Obscurity of the Day: The Story of Aviation





When Lucky Lindy, against all odds, touched down in France on May 21 1927, the level of public interest in aviation went soaring sky high. Newspapers cashed in on this mania through the printed word, pictures, and, of course, comics. In addition to aviation strips like Tailspin Tommy and Flying to Fame, there were more sober entries like this one, The Story of Aviation. It was obviously rushed into production by Superior Features, but nevertheless did a creditable job of telling the history of the subject and explaining a little of the science of flight as well.

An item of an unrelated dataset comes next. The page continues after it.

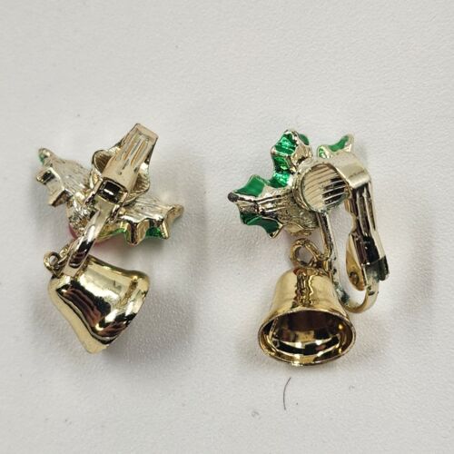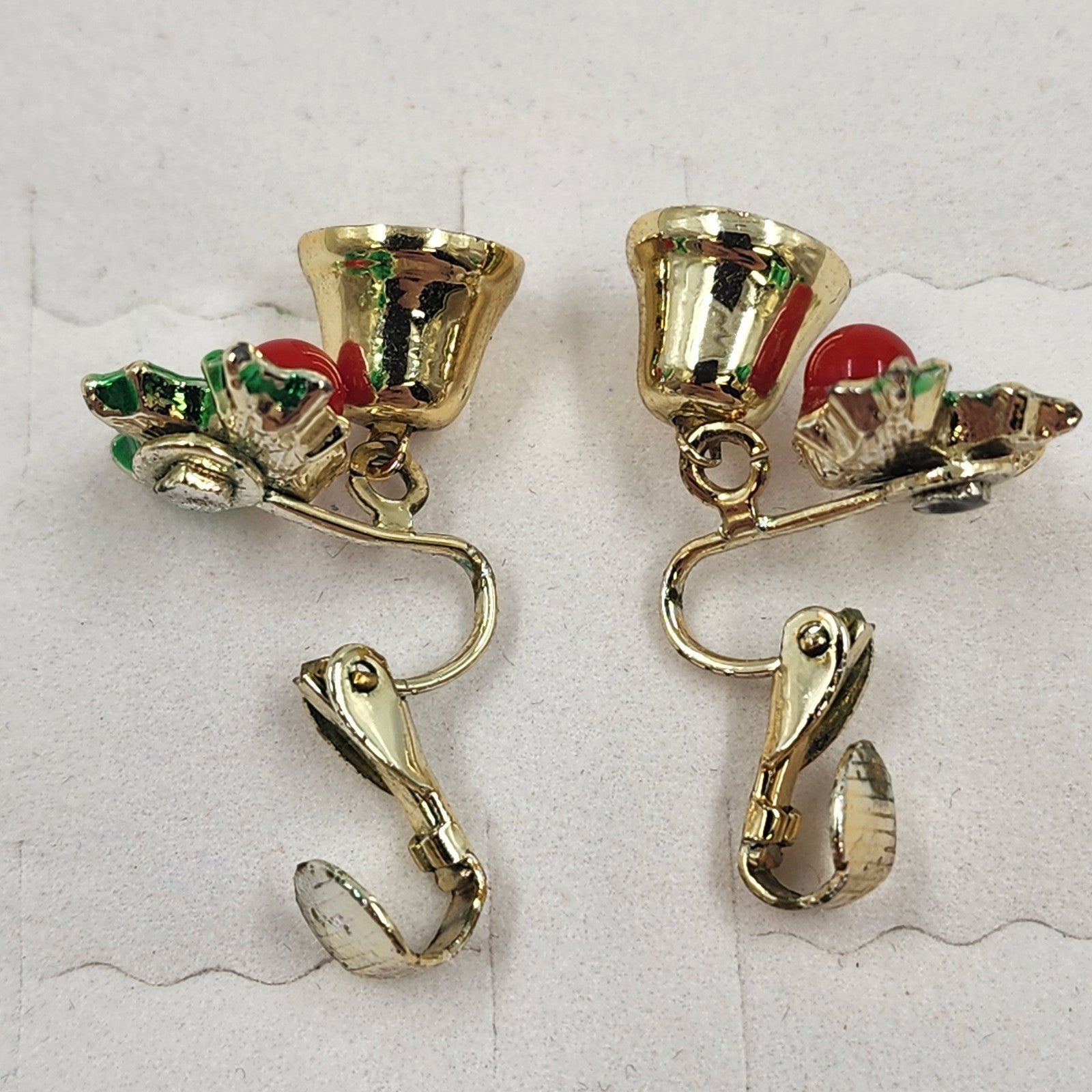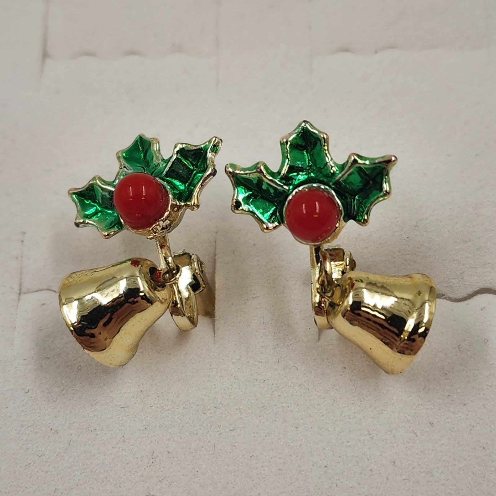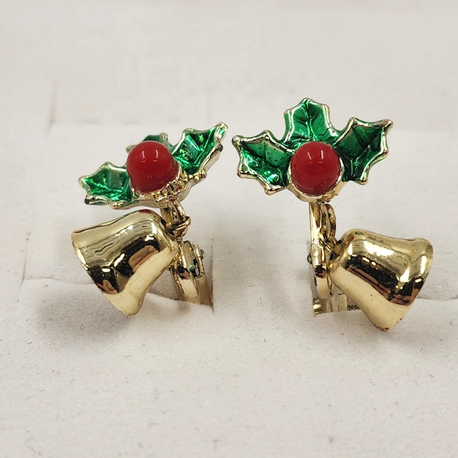 These vintage Gold Tone Holly and Bell Christmas Clip-On Earrings feature a leaf/bell shape with a dangle/drop style. The earrings are adorned with red accents, adding a festive touch for the Christmas occasion. The clip-on closure makes them easy to wear on the lobe. Perfect for adding a touch of holiday cheer to your ensemble.

In the only newspaper so far found that ran this closed-end series, the Queens Daily Star, it began on July 20 1927, a Wednesday. That means the series was thought up, written, drawn, sold and in print within just two months, a pretty incredible feat, if not quite as impressive as Lindy's. The series seems to have lasted four weeks, twenty-four daily strips. I say seems because the last strip I've seen is #23, but it looks to be wrapping up the story, and the existence of a #24 is a pretty good bet to make for an even four weeks.

The art, which is serviceable, is by someone named Ralph W. Maxwell who has no other known comics credits. Though the writing is uncredited on the strip, the E&P advertisement for the strip did supply an unexpected credit, to a woman, Doris E. Drawbridge. A quick Google check reveals a possible marital connection between writer and artist -- this copy of a book of poetry for sale on eBay is signed Doris Drawbridge Maxwell. 

Thanks to Mark Johnson for alerting me to this feature, and supplying photocopies!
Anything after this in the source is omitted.